Washington 23 December 1998 (RFE/RL) -- Tajikistan has been urged by the Executive Directors of the International Monetary Fund (IMF) to give priority to the payment of wages, pensions and social benefits even as the government keeps a tight control on the budget and tries to improve tax collections.

The advice came in Tajikistan's annual member review, called an Article Four consultation, conducted by the directors of the IMF on December 17th. It was publicly released Tuesday.

The 24 executive directors, chosen by the 183 member nations in the IMF either individually by the large countries or in groups of smaller nations, oversee daily operations of the fund.

In it's assessment of Tajikistan, the board welcomed parliament's adoption of the 1999 budget and a new tax code and said that while keeping restraint on outlays overall, wages, pensions and social benefits must be paid. In addition, it said, the inefficiencies of Tajikistan's cash compensation system underlined "the urgency" of a comprehensive reform of the social safety net.

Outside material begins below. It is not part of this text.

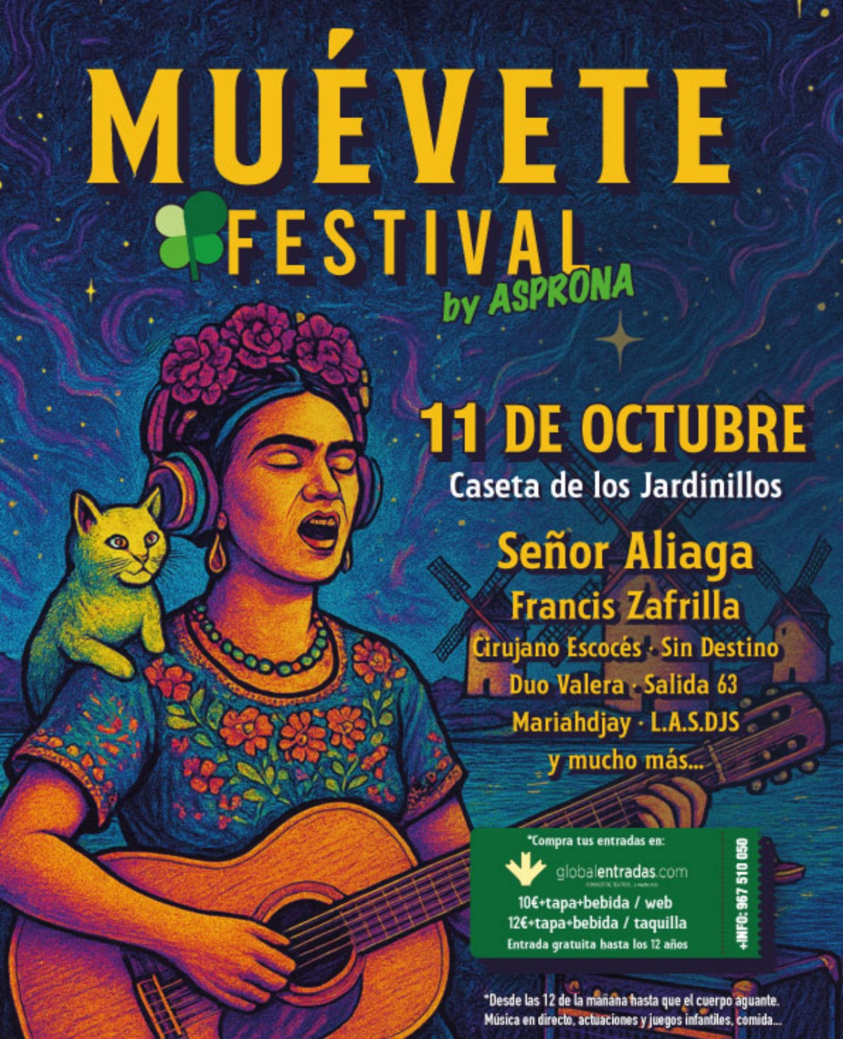 Este sábado, 11 de octubre, tendrá lugar el Festival Muévete, organizado por Asprona en la Caseta de los Jardinillos, donde habrá diversas actuaciones, entre ellas, el Señor Aliaga, La Chica Charcos o Francis Zafrilla, entre otros. Las entradas tienen un precio solidario de 10 euros entrada anticipada y 12 euros en taquilla, y ya están disponibles en las Oficinas de ASPRONA (C/ Pedro Coca, 21 – Albacete) o en este enlace.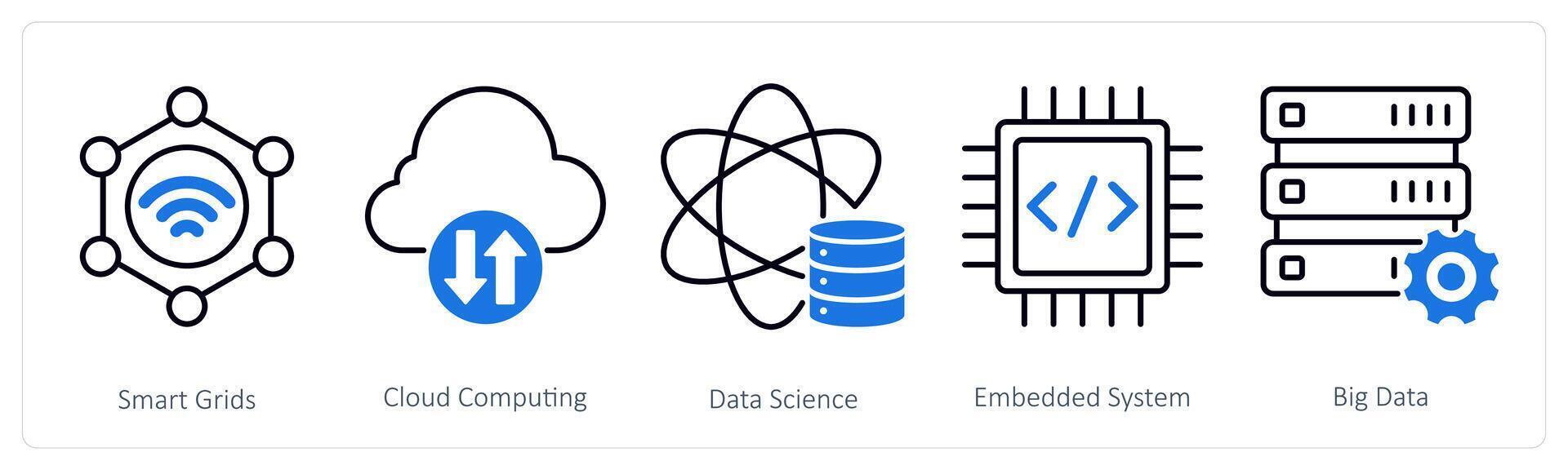 A set of 5 Industrial icons as smart grids, cloud computing, data science Pro Vector

In a background report prepared for the board, the IMF staff said Dushanbe had made good progress in macroeconomic stabilization, cutting inflation in 1998 to 2.1 percent, resuming economic growth in 1997 and strengthening it during 1998. Tajikistan recorded real GDP (gross domestic product) growth of 6.5 percent in the first nine months of the year, driven mainly by a rebound in agriculture, retail trade, and transport services.

However, the staff report notes, Tajikistan has suffered two serious external shocks -- first, the sharp decline of world market prices of cotton, Tajikistan's main export product, and secondly the effects of the Russian financial crisis.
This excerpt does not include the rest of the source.